─── Source material ───

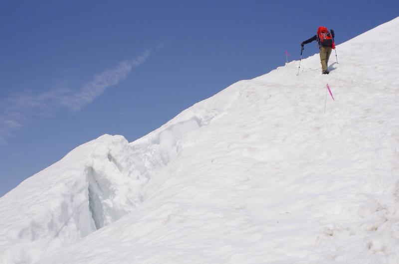 今回のコースは大きな危険個所はありませんでしたが、途中の鎖場や斜面のトラバースでは滑落に注意して通過をします。また、トラバース道のトレース上で雪面の下に空洞が出来ており踏み抜く様な箇所がありますので、踏み跡の様子をよく見ながら足運びには注意をしつつ歩行しましょう。
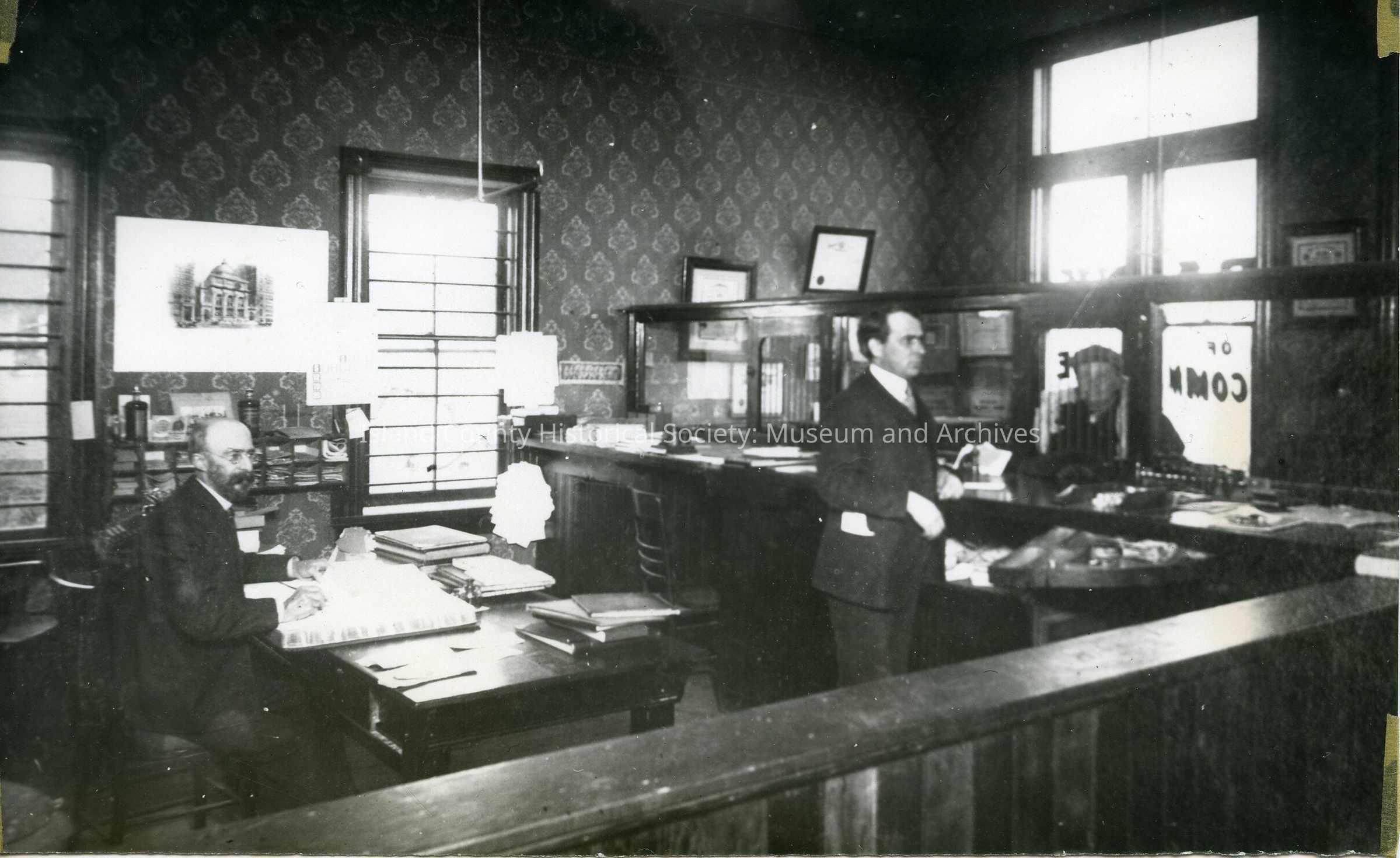 Photo of two men in a bank behind the counter, and a woman at the teller window. On the back: Interier of the Bank of Commerce - Coupeville - seated: J.B. Libbey, at window: Keturah Coupe Gillespie. Photo taken 1904.
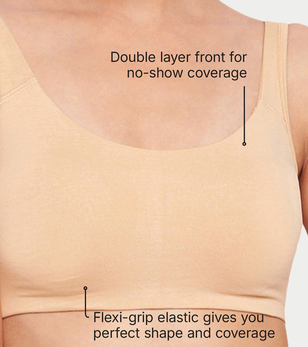 Enamor Low Impact Women's Cotton Everyday Sports Bra - All Day Comfort, Non Padded, Wirefree, High Coverage - SB06 (Skin)

───

The response should be the full material, repeated exactly, with images removed.

 今回のコースは大きな危険個所はありませんでしたが、途中の鎖場や斜面のトラバースでは滑落に注意して通過をします。また、トラバース道のトレース上で雪面の下に空洞が出来ており踏み抜く様な箇所がありますので、踏み跡の様子をよく見ながら足運びには注意をしつつ歩行しましょう。
 Photo of two men in a bank behind the counter, and a woman at the teller window. On the back: Interier of the Bank of Commerce - Coupeville - seated: J.B. Libbey, at window: Keturah Coupe Gillespie. Photo taken 1904.
 Enamor Low Impact Women's Cotton Everyday Sports Bra - All Day Comfort, Non Padded, Wirefree, High Coverage - SB06 (Skin)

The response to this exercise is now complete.